As we sat down at the kitchen table, Emma came dancing in – her perfect pink tutu bouncing up and down as she pranced towards us.
“Hi, Auntie Annie,” she smiled her gorgeous gap-tooth smile.
“Hey, Ems.”
“Are you planning Fionn’s big party? She said she is going to have a party just for me and her but I can’t go to the big night out because there’ll be wine and I’m not allowed wine. Fionn says it’s cos only big girls are allowed wine, but I’m a big girl, am’nt I?”
“Course you are, princess,” I said, just momentarily wondering what it would be like to see Emma just a wee bit drunk on wine. There was a reason no one let me loose on their children. Not that I would actually get her drunk, mind. I wasn’t that bad. I would just be tempted. For the craic. And, yes, I knew that made me a bad person and that I was probably going to hell for it.

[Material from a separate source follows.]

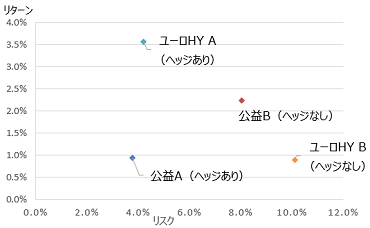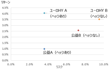また、「DWS ユーロ・ハイ・イールド債券ファンド」は、主に企業の信用力を表す格付けBB格相当以下で、相対的に高い利回りを持つ欧州で発行される社債(ハイ・イールド社債)を投資対象としています。ハイ・イールド債券は、企業が倒産・債務不履行(デフォルト)してしまう懸念やリスク等が通常の投資適格債券と比べると高いと考えられる一方で、相対的に高い利回りが設定されていますので、「すこし攻めた運用」が可能なファンドと言えます。もっとも、当ファンドの運用チームは豊富な投資経験を持ち、明確な投資アプローチと透明性の高い投資判断プロセスの基で運用を行なっており、リスク・リターンで見ますと「ヘッジありコース」では優れた結果が出ています。(図5)

“I’m gonna be a flowergirl,” Emma declared proudly. “I have a beautiful dress. It’s the prettiest dress in the whole world.”
It would have been churlish for me to tell her that in fact, no, it was not the prettiest dress in the whole world and that mine was. It might have made her cry and it started to dawn on me that I was perhaps the most horrible person in the entire world. Not only had I already plotted to get a five-year-old drunk, I was now thinking of making her cry. I bit my tongue. Maybe my spinster-of-the-parish fate was a good thing. I wouldn’t make a good mother. I would probably emotionally or physically scar them and that would be a Very Bad Thing.
“I’m sure you’ll be gorgeous,” I said with a smile.
“My mammy says I will even be more gorgeous than Fionn,” she whispered at me, with a wicked grin that made her look just like her mammy.
“I’m sure you will both be just as gorgeous as each other,” I said, deciding to keep that nugget of information from Fionn.
Emma was clearly not amused. She huffed, blowing the soft curls off her forehead, and went over to her dolls across the room.
It was just as
well. I might have had to pull a scary face at her or tell her that not only would she not be as nice as Fionn, she wouldn’t even hold a candle to me. Once again I sensed this would be a Very Bad Thing and another step on my road to hell. No, it was very wise indeed that no man in this world felt the need to marry me, let alone impregnate me.
Fionn walked back into the room, carrying a couple of mugs of tea. “Sorry I’ve nothing stronger, it’s a work night.”
I grimaced.
Fionn bit her lip. “Sorry. Was that disgustingly insensitive?”
“Not disgustingly insensitive, but verging on it,” I said with a wry smile. “Well, I have lots to do tomorrow as well. I’ve to phone more people about Haven – even though I might not have a job any more – and then I have to watch Loose Women and clean the grouting in my bathroom. After that I have to shave my legs.”
“And email Mr Lover Man Owen,” she said with a wink.
“Who’s Mr Lovermanowen?” the bat-eared child in the corner piped up. “What’s a loverman?”
“It’s a grown-up thing, pet,” Fionn said.
“Ah, like ‘afternoon nookie’,” Emma chimed, replaying the conversation from several weeks ago.
“Does that child never forget?” I choked.